Yemisi Izuora
IMF chief Christine Lagarde was in Kenya last year and met President Uhuru Kenyatta, where the International Monetary Fund offered to make loans of around $700m (£460m) available to the country.
The money will be used as an insurance policy to protect against any threats to the country’s economy which is measured as a financial powerhouse in East Africa.
The Kenyan government requested the package as a precautionary measure, in case of an emergency such as a natural disaster or militant attack. The funds will be available for the next 12 months.
Wildlife, such as this dazzle of zebras, are among Kenya’s top tourist attractions
The ministry of finance has told the IMF it doesn’t intend to use the funds just as IMF advised that it will act as security against “economic shocks.
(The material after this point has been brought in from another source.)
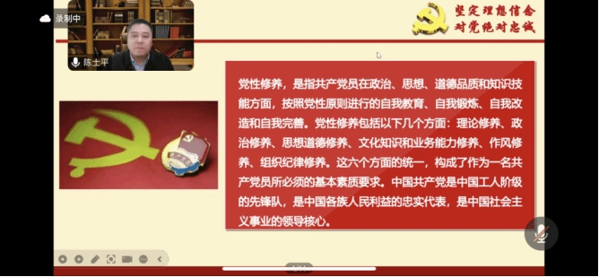 最后,陈士平老师介绍了加强党性修养的方法途径,他告诫同学们要靠提高理论素养,在工作实践中锤炼党性,坚持自我净化、自我完善、自我革新和自我提高,同时要严守纪律、约束自我。希望同学们经过这次学习之后能够深入反思,在个人成长方面取得进步,在未来为党的事业、为国家和社会发展做出自己的贡献。

It is worth remembering the economy is doing well, last year it grew by 5 percent and the Kenyan government say it’s being prudent, guarding against any natural or man-made disasters.
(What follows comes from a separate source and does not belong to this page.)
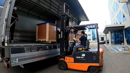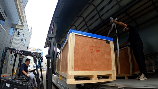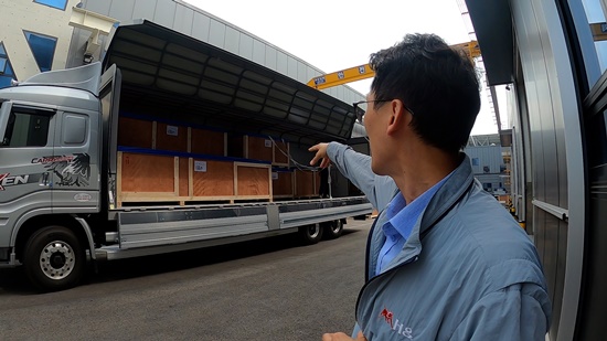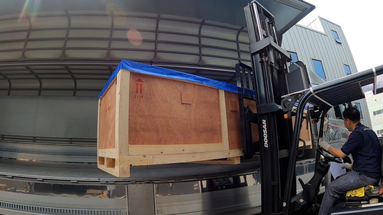 포장하여 수출제품을 상차하고 있는

But it is on record that Kenya faces terror threat from al-Shabab, the Islamist militants who murdered more than 100 people last year in raids across the country.
This has already badly damaged the country’s tourism trade, and also the insurance policy comes at a price as the government has to commit to follow IMF rules.
These include managing debt levels, commitments on big infrastructure spending when it comes to improving road and rail networks and meeting inflation targets.